少年の頃からギャング、ないしマフィアの世界で生きた男の人生録、といった本作ですが、正直に思ったこととして、結局主人公の言う「普通の人」「つまらない人」と同じやん、ということです。なんなら対価が命な分だけマイナスまである。
まあ「いや、だからそういうことを描きたいんだよ」と言われたらそれまでですが、それほどにマフィアの世界に魅力を感じなかった。
マフィアの世界に生きているからゴリゴリに金が入り優雅な生活が送れる。なるほど。で、その先は?となると、結局「家庭を持って落ち着け」「家族が大事」「家庭と仕事」「妻と愛人」「朝から晩まで仕事」「警察にしょっぴかれたらヤバい」「仕事を行うチームにも無能な奴がいる」「明らかなミスを犯しても仲間だから守ろうとする」
これ、全部そこらへんで四六時中よく聞く普通のことですよね。
マフィアに身を置こうが「一般」に身を置こうが結局同じと。
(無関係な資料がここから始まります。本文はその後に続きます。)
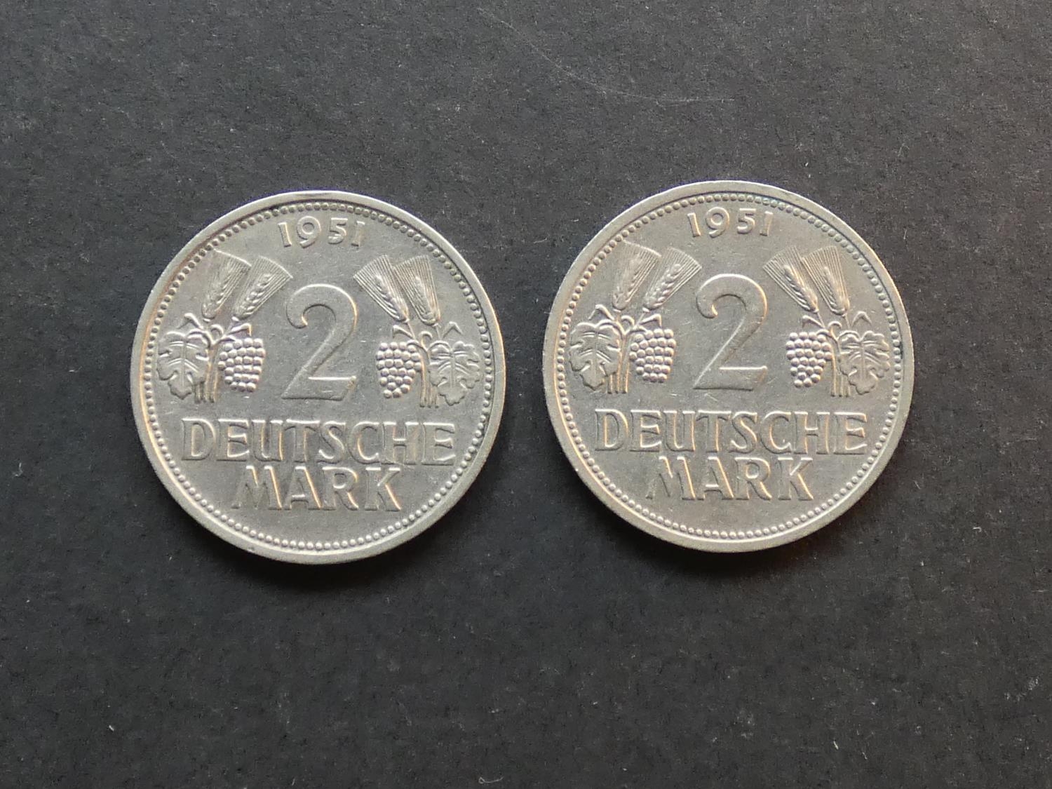 GERMANY. Federal Republic (West Germany). 2 Deutschmark, 1951D & 1951F, KM111, VF to GVF (2)
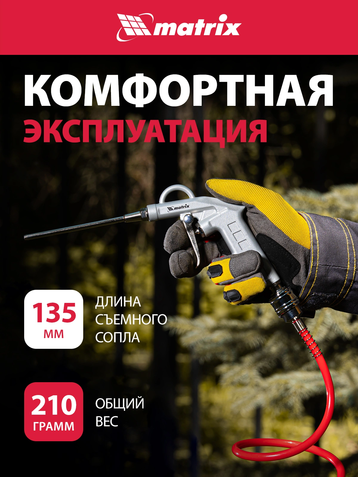 Удлиненное сопло позволяет производить работы в труднодоступных местах. Инструмент предназначен для продувки сжатым воздухом малых отверстий и больших поверхностей.

じゃあ「死ぬ」というリスクを負っている分だけマイナスやん、と思ってしまいました。
グッドフェローズとは「良い奴ら」的な意味ということはなんとなく把握していましたが、一体どこが良い奴らだったのだろうか。
結局全員自分の身が一番大事で自分のためになる周囲の人間とつるんでるだけであり、それはもはや友達ですらなく「仕事上の仲間」と見えてしまった。
てっきり自分の不利益になっても感情的結びつきの強さが普通以上のためそれに沿って行動する、といった話かと思ったらそんなことはなく、世間一般の普通の感覚の舞台をマフィアの世界にしただけ、と見えてしまった。
仲間内を「家族」と言うが、それは「そこから外れたら死ぬから」という理由があるからそう言わざるを得ないだけ。
誰かが結婚した、子供が生まれた、昇進した、その他諸々のいちいちのイベントでパーティが開かれ祝い金を持って半ば強制参加。
本作では描かれていないが「ダルいんだけど」と思っている者も当然いるはずで、職場の飲み会には参加するのが当たり前、という古代の常識と何が違うのかと思わされてしまった。
ここまでの感想は酷いものですが、約2時間半の作品にもかかわらず退屈はせず普通に最後まで見れた、展開的にやりすぎ感も入り込めなさも無かった、といった映画的な面白さから7点とさせていただきます。